__Exercise brief__:
Please make an exact copy of the lines from the one holding "chief executive officer." through the end of the data, both ends included, with no pictures.

__Given entries__:
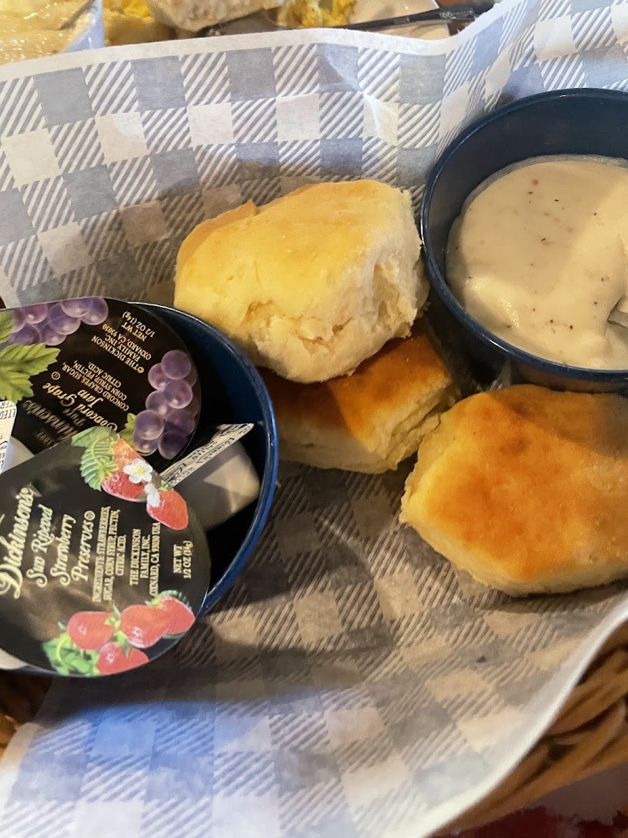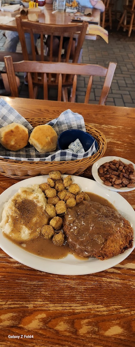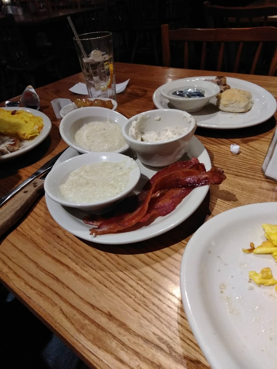 The best part of Cracker Barrell is the Old Time Country Store. We visited today and had the Grandpa Breakfast & the Grandma's Breakfast. I had the country fried steak with one and th3 country fried Chicken with the other. We also had sausage with the grandma's Breakfast. Both come with a country side... two eggs any style and a side of biscuits and sausage gravy! Just because you can't come to CB and not order pancakes we had a side of pancakes too! The wait wasn't long, Carson (our server) was great and the food was good too! Now CB has a rewards program!
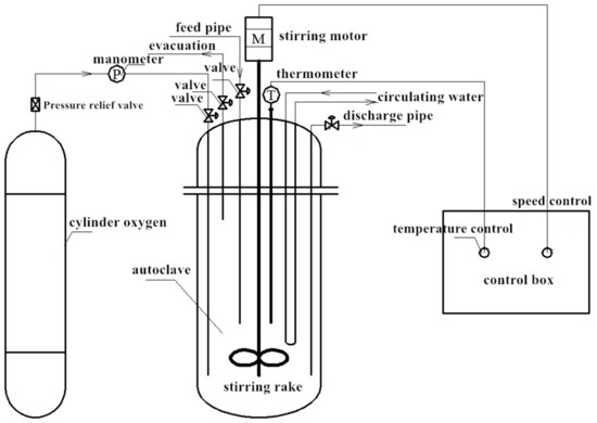 The catalytic experiments were carried out in a high-pressure reactor (HPR, Volumemax = 1 L, Pressuremax = 14.5 MPa, its structure is shown in Figure 1). All the catalytic experiments were carried out in a batch operation, and during each experimental circle, different amounts of AC-CoPcS catalyst was added into the reactor with 450 g SMM solution (18.0 wt%). Before the reaction, the air in the HPR should be replaced by oxygen. Then the control box of the HPR was turned on, and the stirring speed was fixed at 600 rpm. When the temperature in the reactor reached the desired value, the oxygen was inlet to start the catalytic reaction, which was labeled as the zero time point, and the reaction time was recorded accurately. After the reaction, heating electricity was turned off while cooling water was turned on until the temperature in HPR reached room temperature. Before opening the HPR, the exhaust valve was opened to get atmospheric pressure. The oily organic product of DMDS was separated by a separating funnel and was measured by an electronic balance (0.0001 g) to calculate the YieldDMDS. The initial and final concentration of SMM solution was determined by the iodometric method to calculate the CPPSMM. The principle of the iodometric method is that SMM was reacted by excessive iodine standard solution, and residual iodine was detected by sodium hyposulfite standard solution. The AC-CoPcS catalyst in the aqueous phase was filtered, washed by deionized water, and dried in a vacuum oven for reuse. All the catalytic experiments were conducted in triplicate and the statistical variance was found not to exceed five percent.
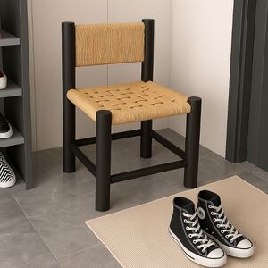 实木藤编凳子客厅沙发凳复古轻奢高级感椅子中古风侘寂入户换鞋凳
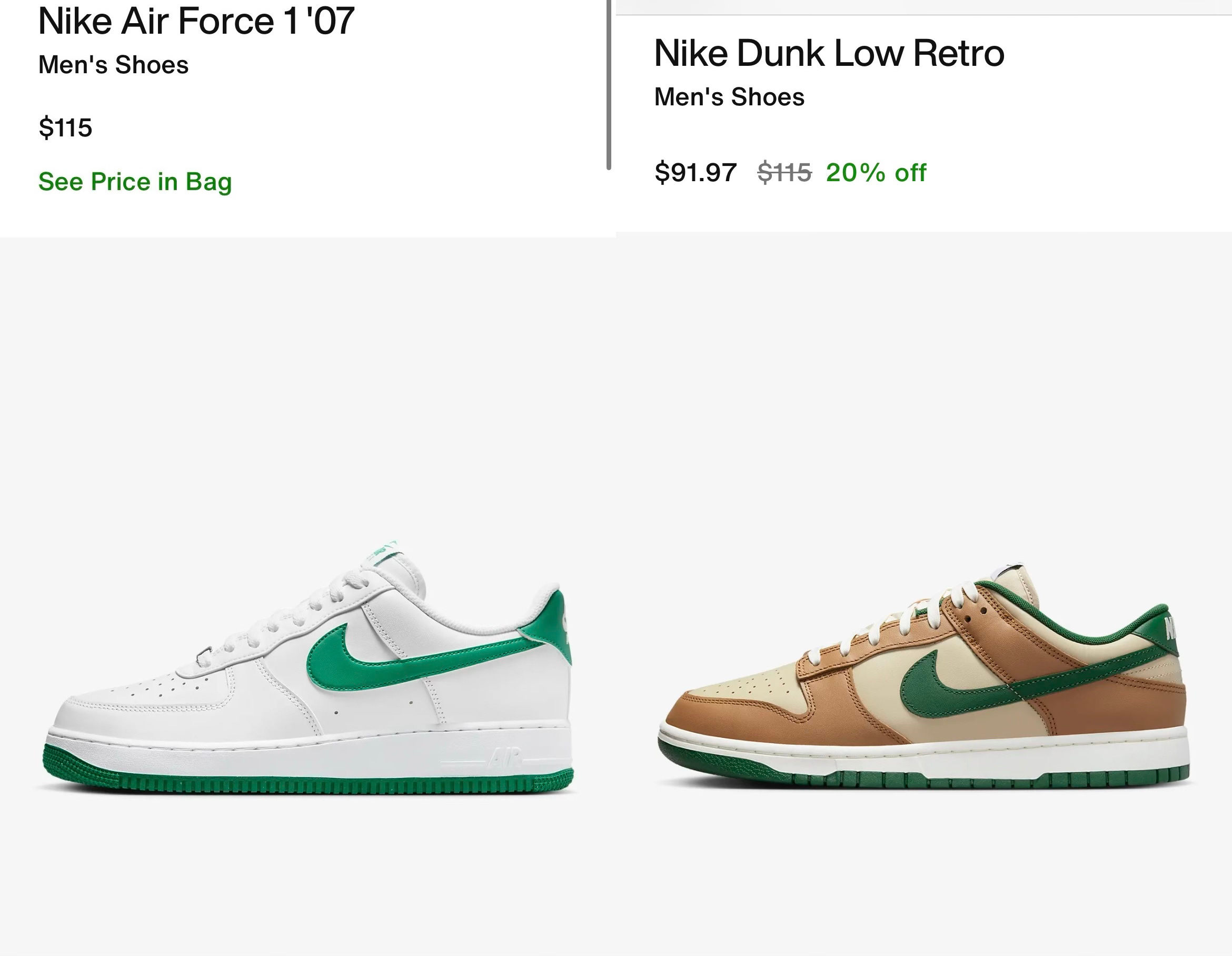 But when I checked on the Dunk Low Retros in the wee hours of the morning Friday, they too had been discounted by 20% from $115 to $92.
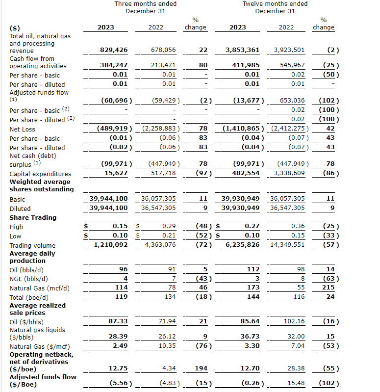 "The company achieved many accomplishments in 2023. It realized positive waterflood results in Murray Lake which led to shallower production declines and an increase in reserves and furthered its workover program with successful results in Hays which also lead to positive reserve additions. The company was also able to reduce operating costs on its two core operated areas of Hays and Murray Lake in H2 2023 which will become realized on a per boe basis once the company brings its curtailed production back on-line in mid-2024. The company will continue to prudently invest on its longer-term core assets and improve netbacks focusing on return on investments," said Cameron MacDonald, president and chief executive officer.
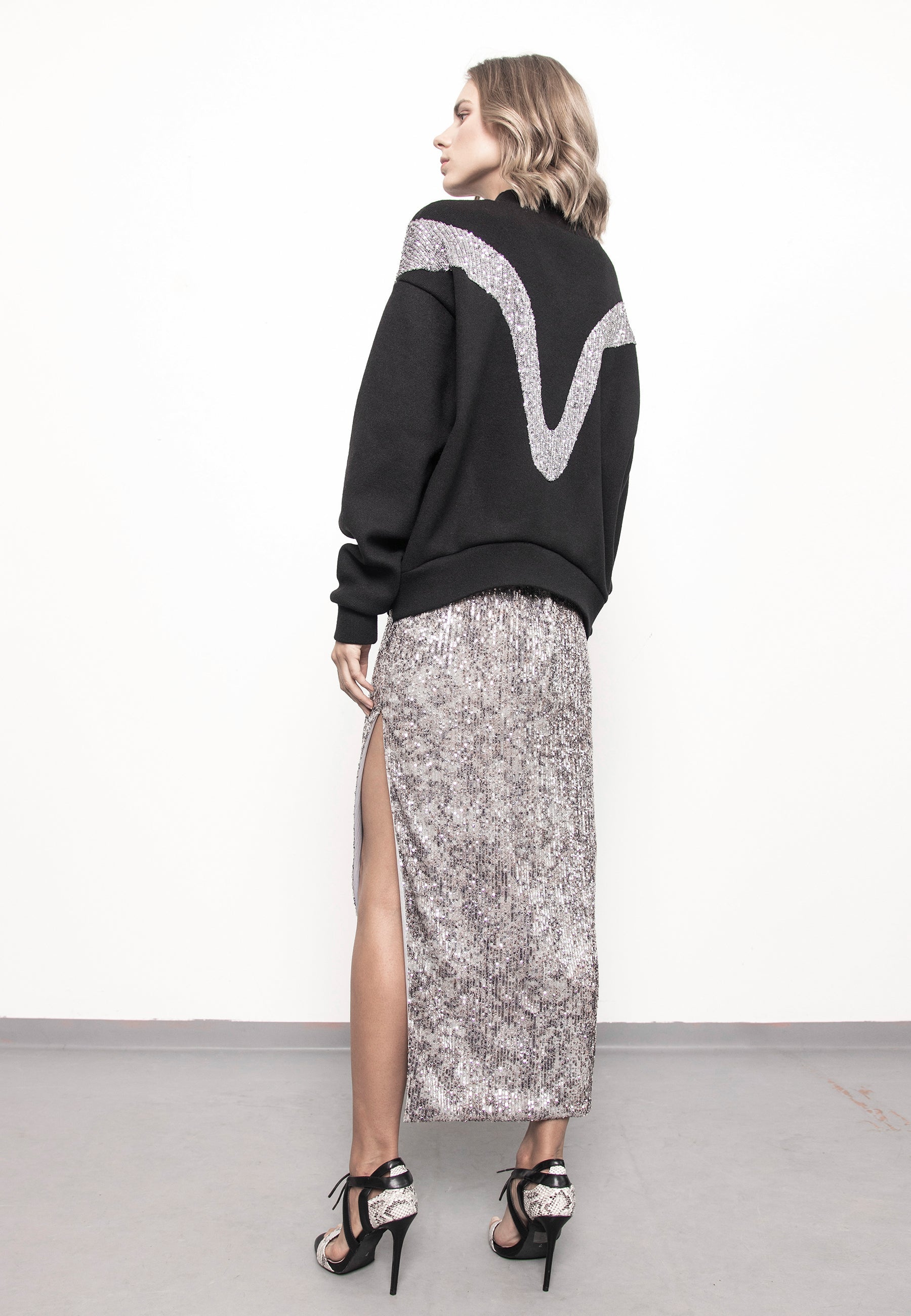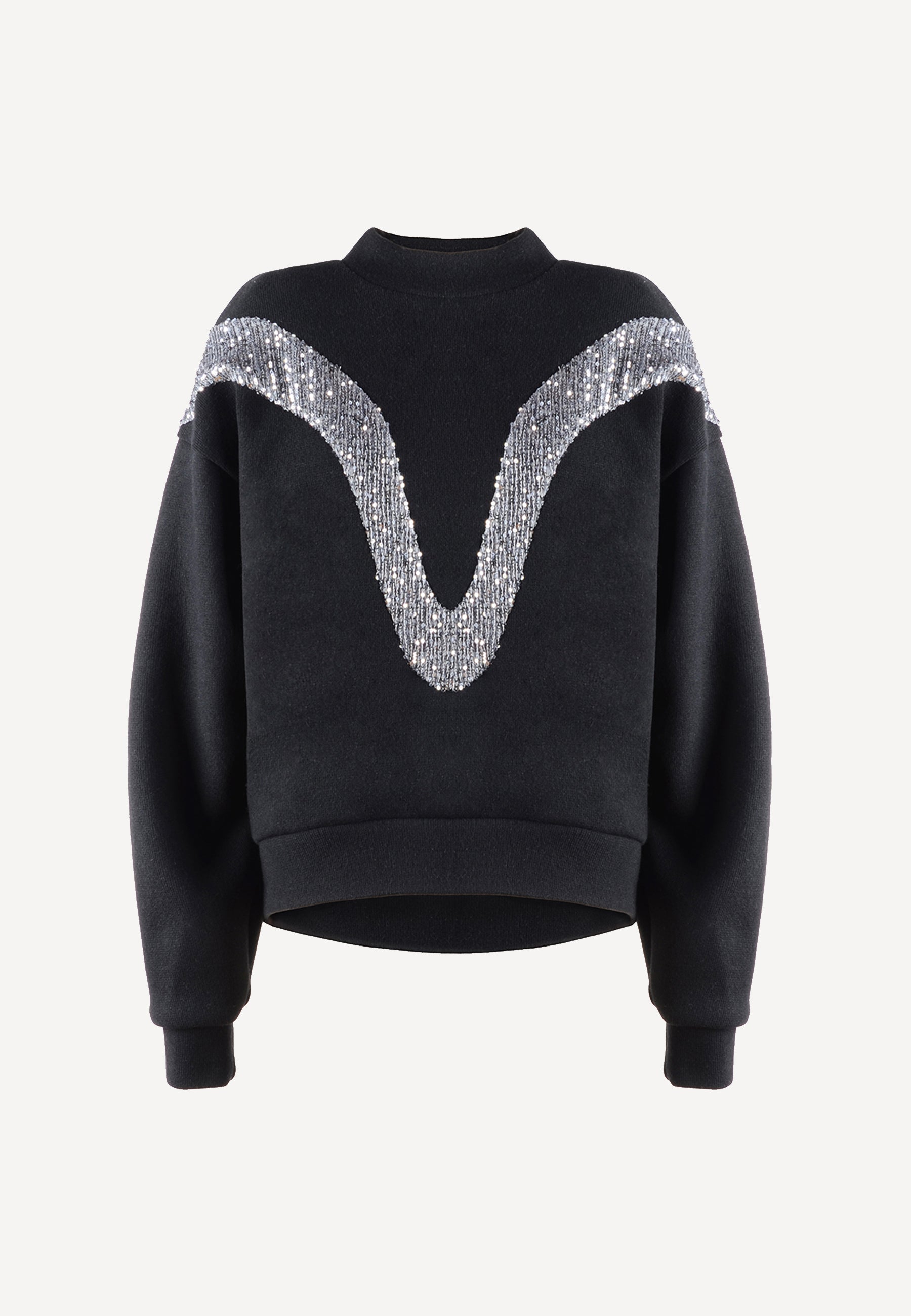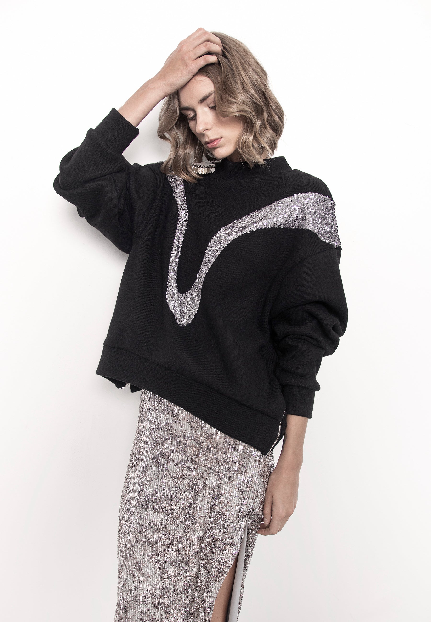A blouse adorned with a wave-shaped appliqué made of sequin-embroidered fabric. Featuring wide sleeves reminiscent of the 80s style, this blouse is crafted from a cotton fabric that is not only pleasant to the touch but also substantial.

__Task output__:
 "The company achieved many accomplishments in 2023. It realized positive waterflood results in Murray Lake which led to shallower production declines and an increase in reserves and furthered its workover program with successful results in Hays which also lead to positive reserve additions. The company was also able to reduce operating costs on its two core operated areas of Hays and Murray Lake in H2 2023 which will become realized on a per boe basis once the company brings its curtailed production back on-line in mid-2024. The company will continue to prudently invest on its longer-term core assets and improve netbacks focusing on return on investments," said Cameron MacDonald, president and chief executive officer.
A blouse adorned with a wave-shaped appliqué made of sequin-embroidered fabric. Featuring wide sleeves reminiscent of the 80s style, this blouse is crafted from a cotton fabric that is not only pleasant to the touch but also substantial.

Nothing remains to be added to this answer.